======== Collected data ========

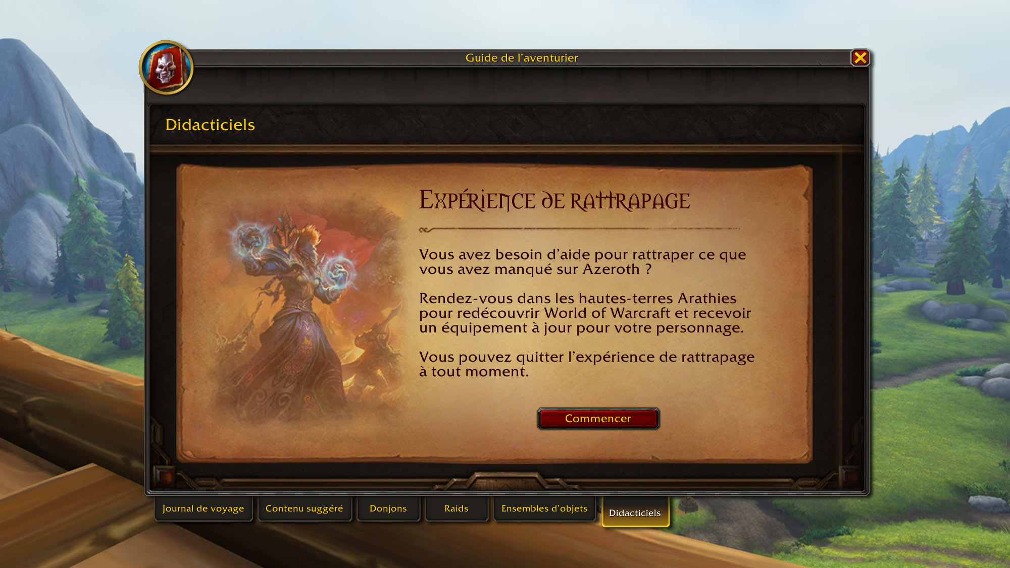 - Expérience de rattrapage (niveau 10 à 80) : un nouveau didacticiel est ajouté au guide de l'aventurier ou à l'écran de sélection des personnages pour participer à une expérience de rattrapage dans les hautes-terres Arathies en aidant Thrall et Jaina. Une fois qu'elle est démarrée, cette expérience optimisée masque les quêtes existantes, nettoie l'inventaire et réattribue les points de talents pour se réacclimater au jeu et au personnage avant de se relancer dans l'aventure. Cette nouvelle expérience de jeu propose également de nouveaux didacticiels pour la fonctionnalité de Vol dynamique et le système d’interruption. À la fin de cette suite de quêtes, vous recevez de l’équipement adapté à votre niveau pour plonger au cœur de l’action.
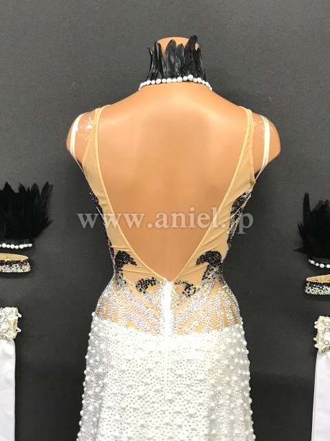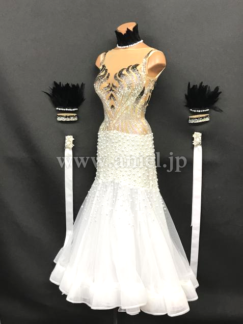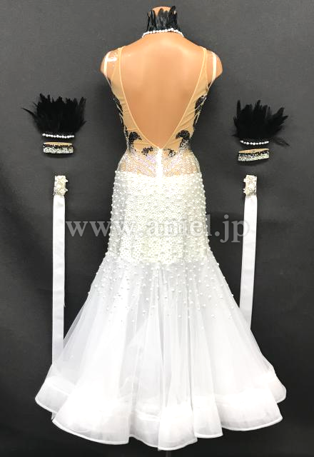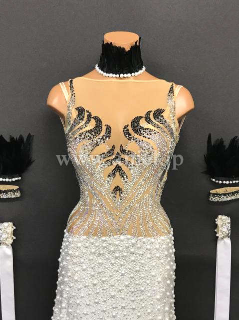 マーメイドラインのスカートにもストーンとパールがびっしり。
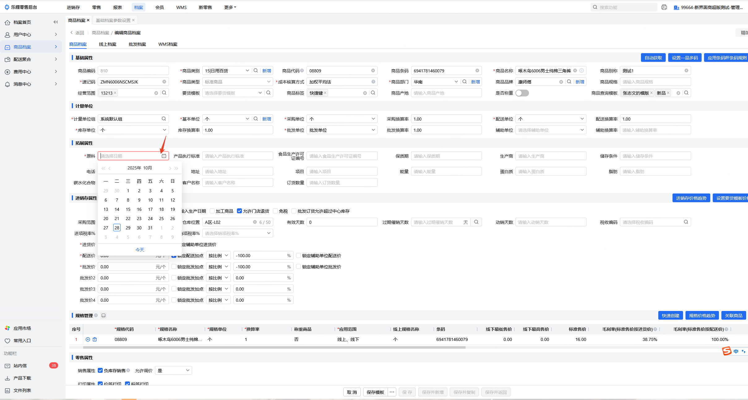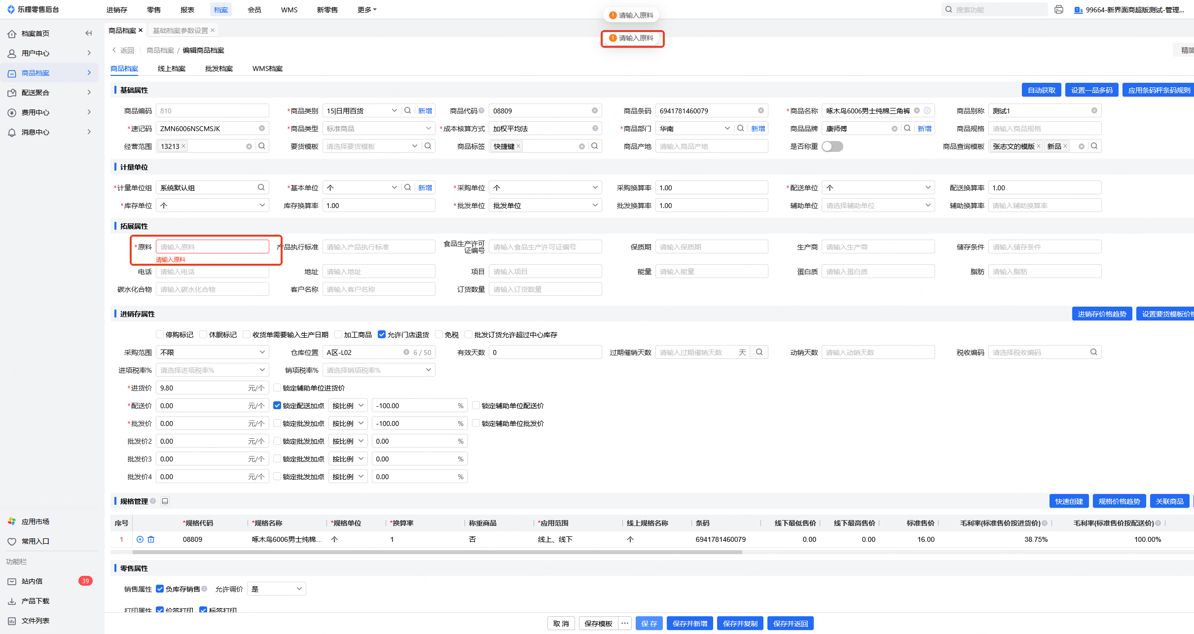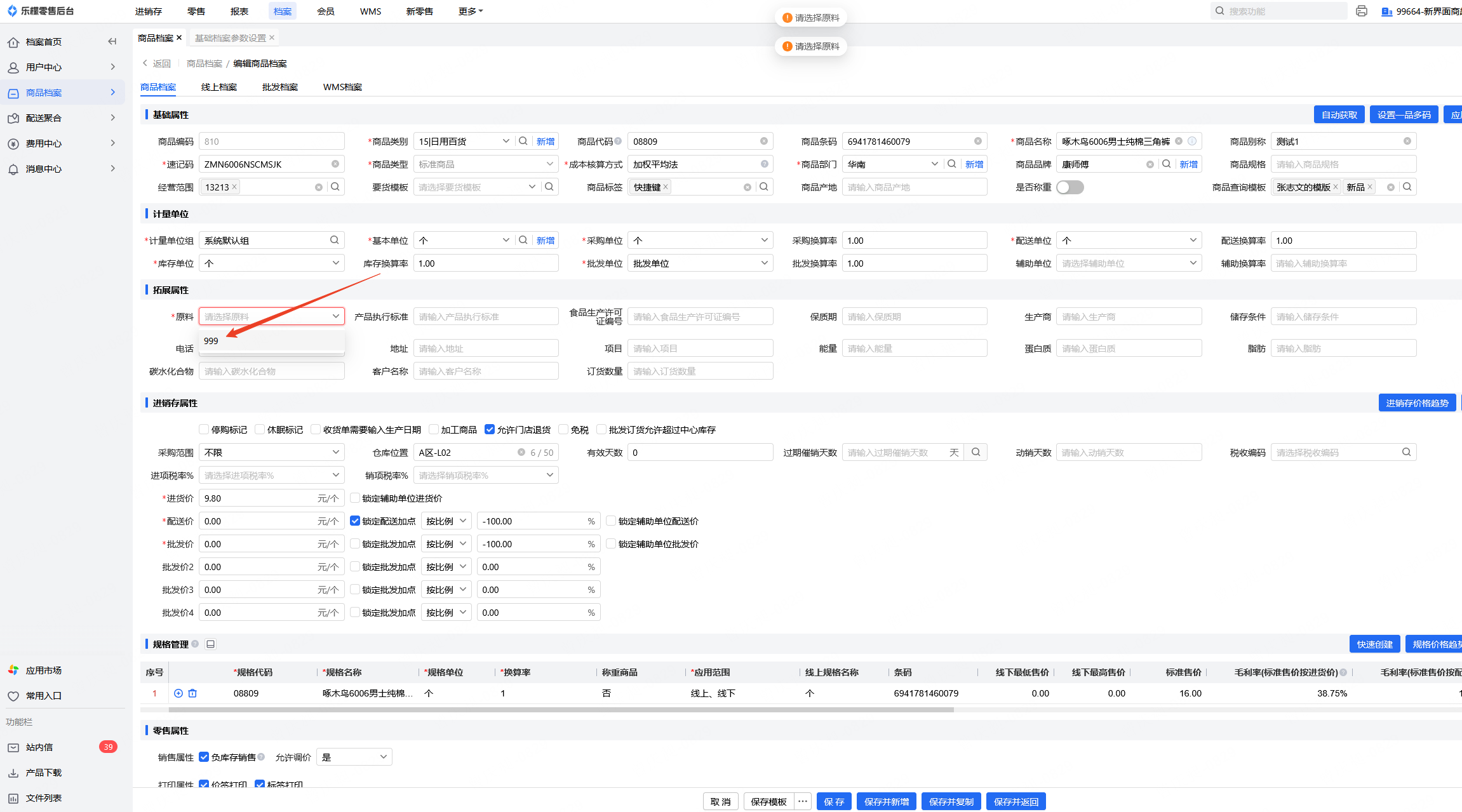 必填:开启后商品档案保存后必须录入,未录入会提示不能为空
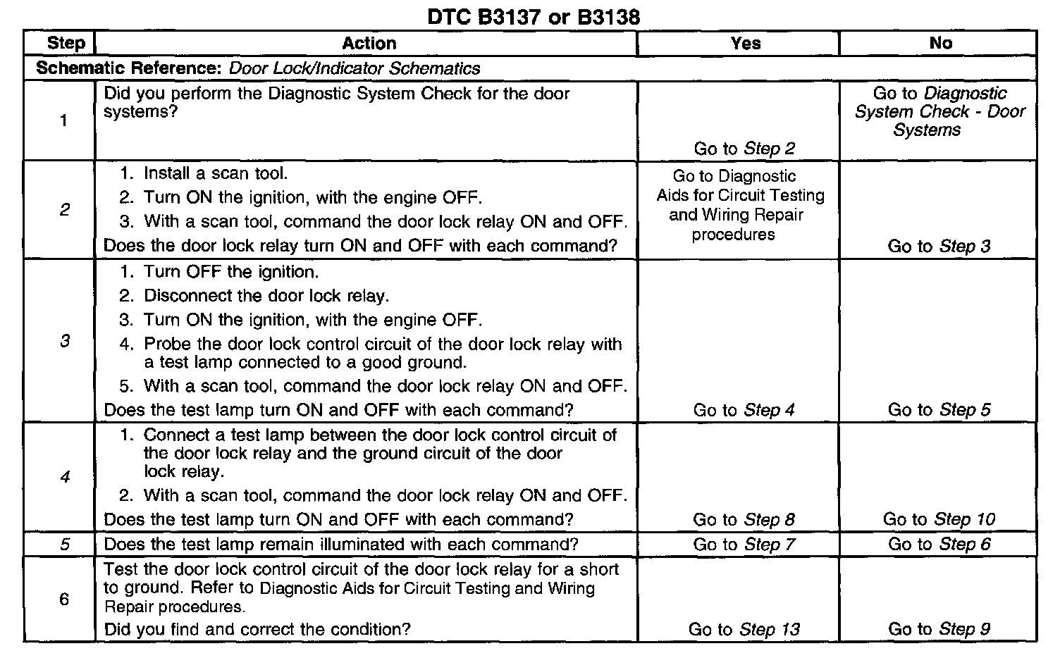 The door lock control circuit is shorted to ground for 0.2 seconds, for DTC B3137. The door lock control circuit is shorted to battery positive voltage for 0.2 seconds, for DTC B3138.

========

#### Task goal
Output only these lines, word for word: the line containing "必填:开启后商品档案保存后必须录入,未录入会提示不能为空" and every line after it through the last line of the data. Omit the pictures.

#### Exercise answer
 必填:开启后商品档案保存后必须录入,未录入会提示不能为空
 The door lock control circuit is shorted to ground for 0.2 seconds, for DTC B3137. The door lock control circuit is shorted to battery positive voltage for 0.2 seconds, for DTC B3138.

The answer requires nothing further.